In this sentence, "with" does not mean "because of" or "as a result of." Let me rephrase the sentence so you can easily understand the meaning.
...and it must require skill and present an achievable challenge.
The goal of the activity must also be to succeed.
The "with" in this sentence just means "the goal being success" is an additional requirement of the activity. In other words, if you want to experience flow, the goal of the activity must be to succeed. For example, you cannot succeed if the activity is singing in the shower. There is no way to measure success in that instance. But you CAN succeed if the activity is performing a song for an audience.

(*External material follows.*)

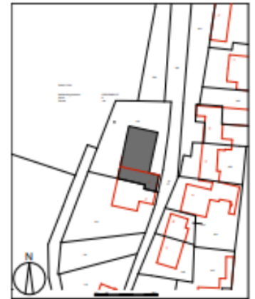
Situatie Schaal 1/1000

De tuin is met vergunning van het Ministerie van verkeer en Waterstaat DLB 97/3095 van 26/2/1997 opgehoogd tot 33,30 NAP. De aanleg van het zwembad heeft geen gevolgen voor bergingscapaciteit.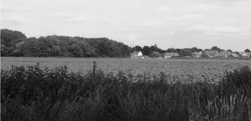
Wordt dit vervangen door spoor, beton en 12.000 auto's???

Ja, maar technisch gezien is dit haast onmogelijk. U moet zich voorstellen dat, net zoals in Susteren, naast de tunnel aan weerszijden een parallelweg moet worden aangelegd voor de bewoners van de Limbrichterstraat. Zij moeten hun huis kunnen bereiken. Gezien de breedte van de Limbrichterstraat is dit niet mogelijk, zelfs niet als de voortuinen van de huizen worden meegenomen.

There will be positive or negative feedback, and if the audience enjoys your performance, then you succeeded.
So to make it very simple, the full meaning of the quote you provided is this.

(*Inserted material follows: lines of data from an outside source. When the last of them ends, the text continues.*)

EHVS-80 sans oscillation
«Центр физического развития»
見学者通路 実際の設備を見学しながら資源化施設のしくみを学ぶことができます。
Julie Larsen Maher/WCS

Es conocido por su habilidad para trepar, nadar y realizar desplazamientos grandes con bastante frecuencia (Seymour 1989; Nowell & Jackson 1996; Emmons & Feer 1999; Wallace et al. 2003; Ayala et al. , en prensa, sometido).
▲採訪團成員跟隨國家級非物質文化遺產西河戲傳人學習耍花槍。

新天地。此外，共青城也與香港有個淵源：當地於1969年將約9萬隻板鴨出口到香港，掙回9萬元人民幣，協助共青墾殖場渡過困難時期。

If you want to experience flow:
- The activity has to be voluntary and enjoyable
- The activity must require skill
- You must be able to succeed at the activity. It must be possible.

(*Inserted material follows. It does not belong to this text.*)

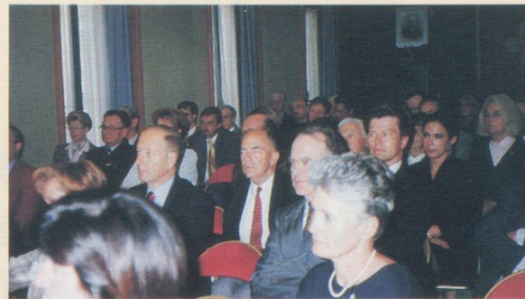
Un auditoire attentif pour les rencontres économiques.

R.C. : En organisant notamment ce que nous appelons des rencontres économiques. Elles se tiennent toujours dans nos locaux, rue d'Arcole. En 1997, l'une d'elles a été consacrée à l'euro et à ses conséquences pour la Suisse. Elle a obtenu un très grand succès puisque nous avons réuni quelque 120 personnes. Nous intervenons partout où on nous le demande. Récemment, nous sommes allés présenter la Chambre dans le cadre

- You must feel like you have control during the activty.
- You must received immediate feedback after the activity.
Other examples using "with the goal"
He went on StackExchange with the goal of improving his English.
She held a lecture on making friends, with the goal being for each participant to make one new friend that day.
I planned an sports day with the goal being to get more kids interested in playing sports.
She made an account on OkCupid with the goal of finding a boyfriend.